Brace yourself for the chaos that will follow Starmer’s departure
Anas Sarwar is not a name often seen in the pages of City AM but he’s earned his place after yesterday’s hastily announced press conference in which he called for Keir Starmer to resign as Prime Minister.
Prior to his intervention there had been radio silence from Starmer’s Cabinet ministers, not one of whom had popped up on camera or even social media to back the embattled PM. However, within an hour of Sarwar’s speech, they had all pledged their loyalty. It seems Labour’s plucky leader in Scotland has played the role of James Purnell, the cabinet minister who resigned from government in 2009 in a bid to bring about Gordon Brown’s resignation as PM. It didn’t work. Nobody followed suit and Purnell quit parliament the following year.
Sarwar’s intervention was seized on in Westminster as a major escalation precisely because people assumed it was co-ordinated; that other ministers would follow his lead.
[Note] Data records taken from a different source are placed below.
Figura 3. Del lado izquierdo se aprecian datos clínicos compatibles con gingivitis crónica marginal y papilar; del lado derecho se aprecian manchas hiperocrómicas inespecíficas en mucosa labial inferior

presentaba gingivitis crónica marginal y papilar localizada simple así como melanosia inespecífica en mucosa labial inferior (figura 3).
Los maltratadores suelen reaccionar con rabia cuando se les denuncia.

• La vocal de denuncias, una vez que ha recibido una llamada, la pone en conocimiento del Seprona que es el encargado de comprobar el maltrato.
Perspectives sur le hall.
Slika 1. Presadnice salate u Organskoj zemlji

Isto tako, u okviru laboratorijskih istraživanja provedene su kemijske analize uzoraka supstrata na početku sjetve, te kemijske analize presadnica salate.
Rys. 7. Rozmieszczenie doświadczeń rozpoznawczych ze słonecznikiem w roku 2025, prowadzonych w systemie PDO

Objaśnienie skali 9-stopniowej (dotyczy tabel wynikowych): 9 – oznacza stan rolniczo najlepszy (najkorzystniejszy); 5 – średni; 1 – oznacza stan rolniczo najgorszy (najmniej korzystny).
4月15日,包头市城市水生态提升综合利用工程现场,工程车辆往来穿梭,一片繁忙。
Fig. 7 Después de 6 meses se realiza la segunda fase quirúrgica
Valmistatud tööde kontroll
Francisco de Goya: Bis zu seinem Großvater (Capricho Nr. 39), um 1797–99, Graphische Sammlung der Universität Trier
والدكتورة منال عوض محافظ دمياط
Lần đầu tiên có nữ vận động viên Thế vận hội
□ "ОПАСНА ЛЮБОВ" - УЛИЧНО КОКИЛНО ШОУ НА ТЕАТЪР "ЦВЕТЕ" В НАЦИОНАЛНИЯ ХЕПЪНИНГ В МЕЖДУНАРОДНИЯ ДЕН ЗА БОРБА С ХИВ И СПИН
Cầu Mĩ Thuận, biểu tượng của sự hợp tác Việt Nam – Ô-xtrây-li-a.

In reality, it was just an effort to bail out some of the water that’s swamping the Scottish Labour party ahead of the devolved elections in May.
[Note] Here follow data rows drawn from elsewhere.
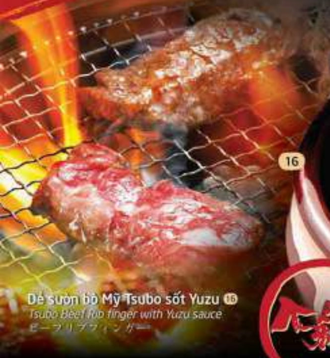
Dẻ sườn bò Mỹ Tsubo sốt Yuzu 16
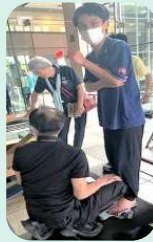
足の健康・測定 (ハヤカワスポーツ)
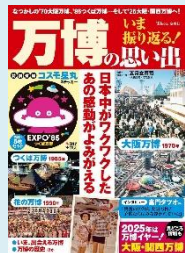
『いま振り返る!万博の思い出』 (五月女賢司監修, 宝島社)
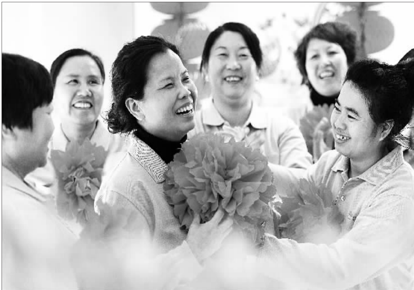
1月16日，北京倍优天地公司举行优秀家政服务员表彰会。该公司在提供优质服务的的基础上，不断提高员工待遇，留人更留心。

北京市针对春节期间的“保姆荒”、“月嫂荒”，各大家政企业加大招工力度，相继出台了各种奖励措施，完善应急保障体系，保证北京家政市场过节不“荒”。据悉，北京16家政府扶持发展的家政企业和55家星级家政企业以及200余家会员单位，采取提前储备、错峰回家等措施，确保首都家政服务市场需求。
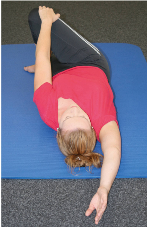
Abbildung 1: Standardisierte Ausgangsstellung für eine lumbale Problematik mit der Methode «Donsez Intrinsic Interaction Process for Physiotherapy». Intrinsisch bezieht sich darauf, dass die Patientin die korrigierenden Kräfte selbst auslöst. Interaction verweist darauf, dass die Methode global verschiedene Strukturen und Funktionen anspricht. | Illustration 1: La position de départ standardisée dans le cadre de la méthode Donsez Intrinsic Interaction Process for Physiotherapy. «Intrinsèque» décrit le fait que le patient génère lui-même les forces correctrices. «Interaction» réfère à un aspect global; il s'agit d'une méthode active qui inclut diverses structures et fonctions.

beim Bücken, ausstrahlend ins Gesäss links, das limitierend wirkt. Dieses Symptom erinnert an frühere Schmerzepisoden, die ab und zu beim längeren Bücken auftraten, und nach einer Ruhe- und Schonungszeit von zwei bis drei Tagen wieder verschwanden. Diesmal ist es aber hartnäckiger. Und als Schwangere fühlt sie sich auch oft sehr müde.
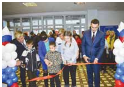
Открытие ФОКа, 2017
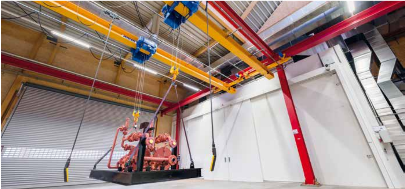
Krane zum Handling der Module sind ausreichend vorhanden.

Kompetenz, Platz und Einrichtungen für den Modulbau.
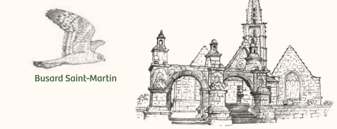
1 Église et enclos paroissial
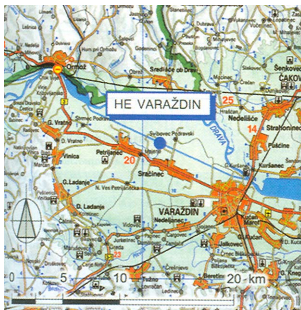
Slika 1. Položaj HE Varaždin na zemljovidu

Hidroelektrana je izgrađena u relativno kratkom vremenu (4,5 godine), a u rad je puštena 1975. godine.
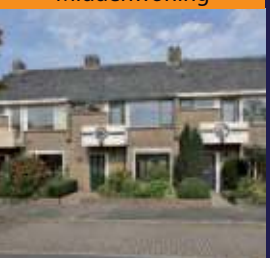
Prof. Dr. F. Zernikeweg 48, De Bilt Middenwoning
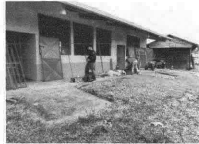
Sustitución de chapas
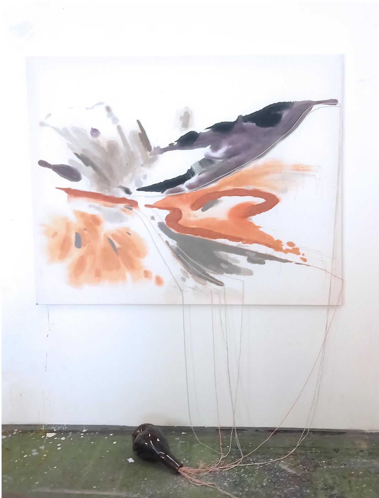
Blízkost šera; prošívaná malba na textil, 130x160, 2023

Sarwar may not have brought down the PM, but the choreographed display of unity that followed his press conference should not be taken as anything other than a brief respite in a drama that will almost certainly climax with Starmer’s fall from office.
How could it not? The loss of his Chief of Staff, someone central to whatever passes for Starmer’s political project, was followed yesterday by the abrupt departure of his communications chief, his fourth in 18 months. The Mandelson-shaped net is closing in, with more damaging revelations a certainty. The Gorton and Denton by-election will show Labour MPs what they’re up against, and the May local elections are expected to be so bad that a leadership challenge would be the only logical response.
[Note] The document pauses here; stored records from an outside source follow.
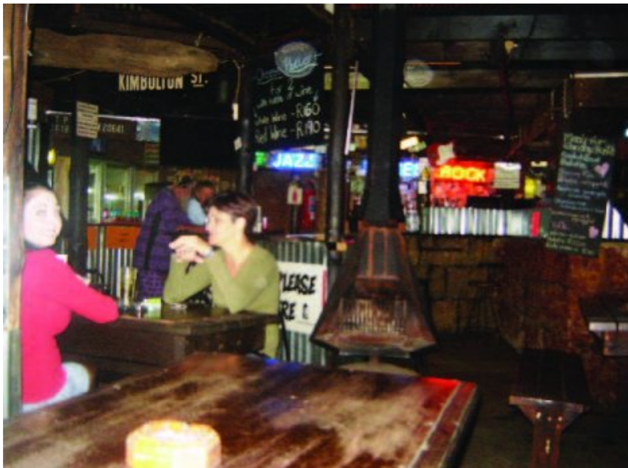
Aansit by 'n stewige houttafel

Met dié dat dit selfskepdag is, gaan ons nie te veel aan die spyskaart herkou nie. Al die nodige en
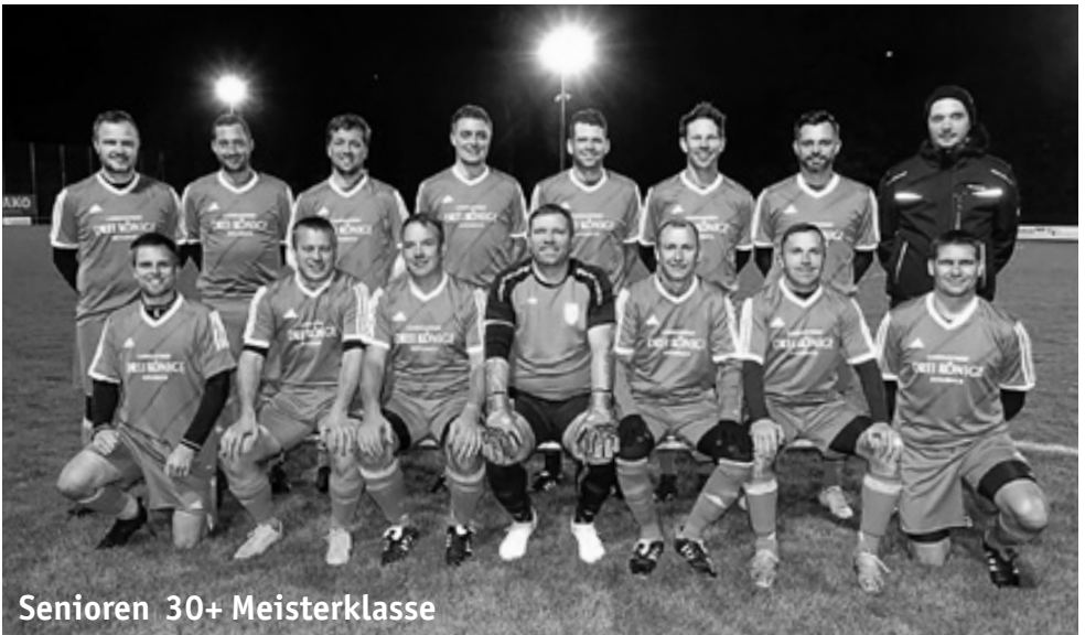
Senioren 30+ Meisterklasse

Wir danken an dieser Stelle allen Beteiligten, die in irgendeiner Form unserem Team helfen und es unterstützen. Nach dieser etwas verfahrenen Saison freuen wir uns alle darauf, in der nächsten Saison wieder richtig anzugreifen und uns in der vorderen Hälfte der Tabelle anzusiedeln.
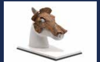
古賀市船原古墳出土馬冑

期間 10月7日(土)～12月3日(日) 休館日 月曜日(祝休日の場合はその翌平日) 場所 九州歴史資料館 第1・2展示室 観覧料 一般:210円 高大生:150円 小中生:無料 ※毎週土曜日は高校生無料
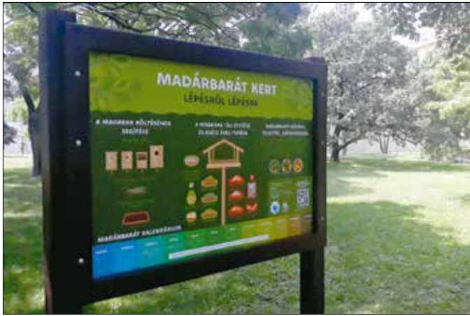
A környék madarairól és a madárvédelemről is olvashatunk a táblákon

Van például veréblakótelep, amiben egymás társaságát élvezve három család is költöhet párhuzamosan. Helyet kapott az egyik fa
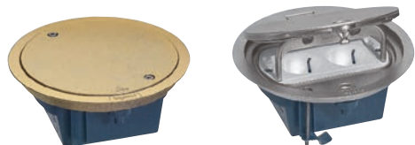
0 880 60

But then what? Angela Rayner as Prime Minister? Ed Miliband? God help us all. The Starmer project was vacuous, built on platitudes about growth without a clue how to generate it, but a genuinely left-wing PM who actually believes in a high-tax, big spending, net-zero, anti-business, socialist agenda (Rayner and Miliband both fit the bill) would see Britain keel over. Wes Streeting? His main quality seems to be that he’s good on the morning broadcast round, and he’d need Rayner in the tent where she could still cause damage, potentially as Chancellor.
Ignore the current political drama if you want, but brace yourself for the chaos that will follow it.